How to - Techniques

Bring tender perennials indoors

Charmian Christie

Keep tender perennials year after year by overwintering

Because tender perennials can't survive harsh Canadian winters unassisted, many people treat them like annuals, buying new plants year after year. But with a little care and the right conditions, you can overwinter tender perennials for years, saving money and earning a sense of horticultural pride.

Just what are tender perennials? Some are showy flowers with fleshy underground rhizomes, while others are familiar garden herbs suited to a warm, dry Mediterranean climate. Overwintering these somewhat delicate plants isn't difficult, but the technique varies with the root system.

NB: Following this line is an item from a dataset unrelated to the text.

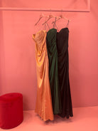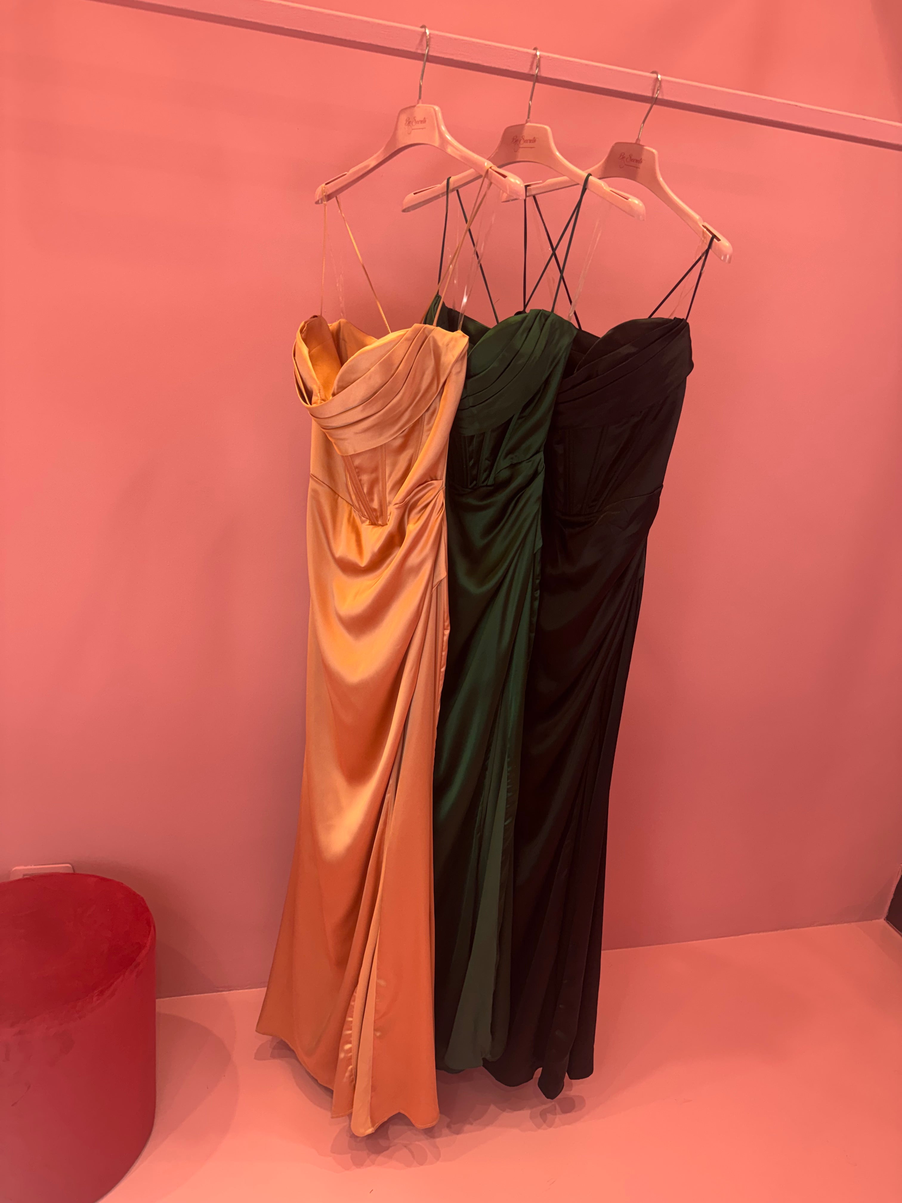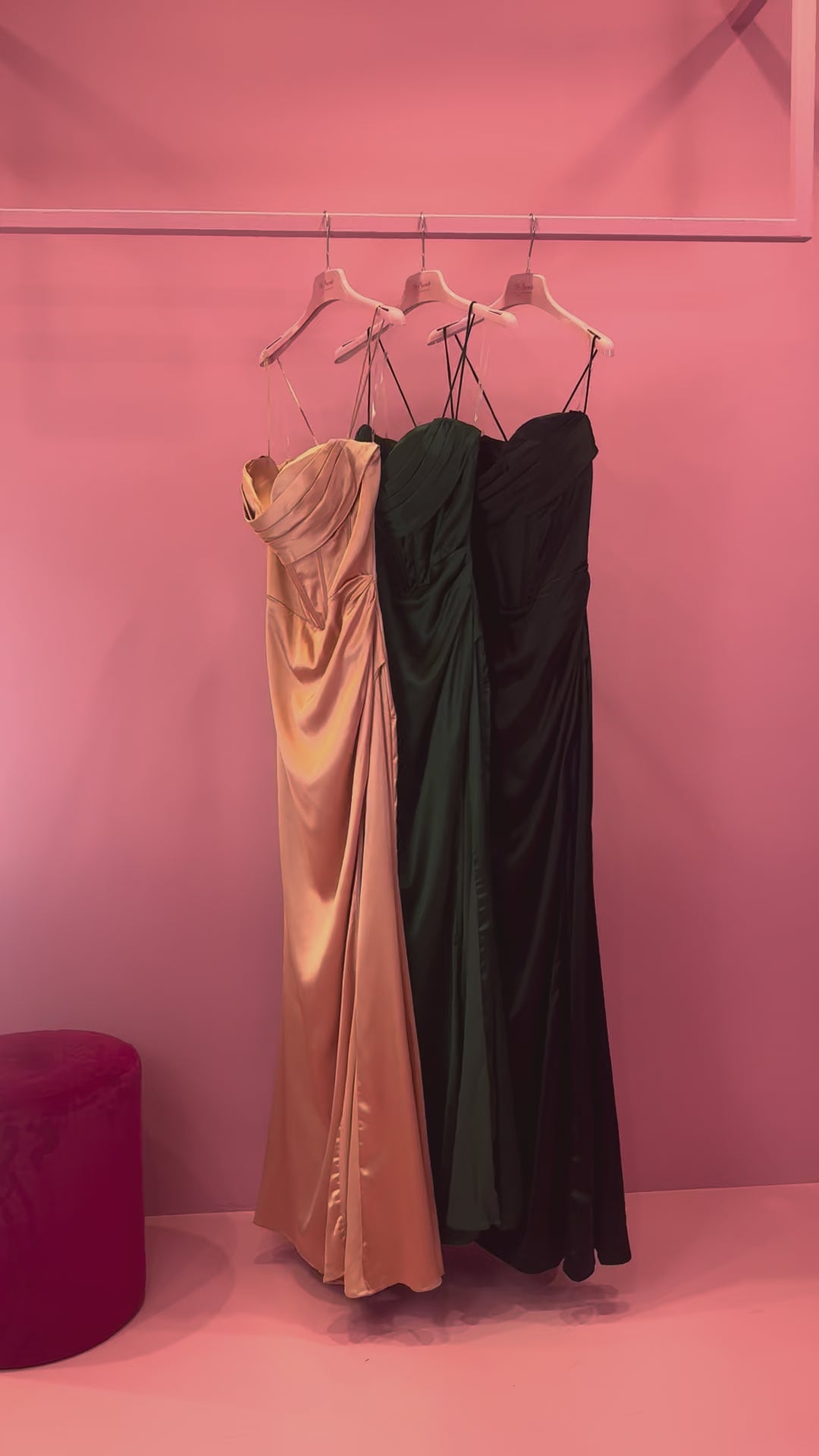 Vestito lungo effetto raso con spalline sottili, dal taglio fluido e femminile. Il drappeggio sul corpetto e sulla gonna valorizza la silhouette, mentre le tonalità eleganti li rendono perfetti per cerimonie.

Bulbs and tubers and corms, oh my!
Cannas, dahlias, gladiolas, and tuberous begonias are the most common flowering tender perennials. Whether they grow from a bulb, corm or tuber, all these flowers require the same basic care to overwinter.

The secret is timing: Frost kills active growth, so leave the plants in the ground until after the first light frost. But don't wait too long: A hard frost can kill some tender perennials, and once the plant goes dormant, rot-causing microbes can quickly attack. After the first frost, trim the foliage to a few inches from the ground. Carefully dig up the root bulb and inspect it for signs of insects or fungus. Only overwinter healthy plants.

Allow the bulb, corm or tuber to dry inside where it's warm for a couple of weeks. Ensure the drying area has good air circulation. If the plant is a corm (like gladiolus), remove the dried foliage and cut off the old corms from the bottom. Once dried, bury in either dry sand, sphagnum peat moss or vermiculite.

The right temperature—between 7°C and 10°C—is key, since normal room temperatures are too hot. To provide the critical rest the plants need, store them in an unheated spare room or basement area. A root cellar is ideal.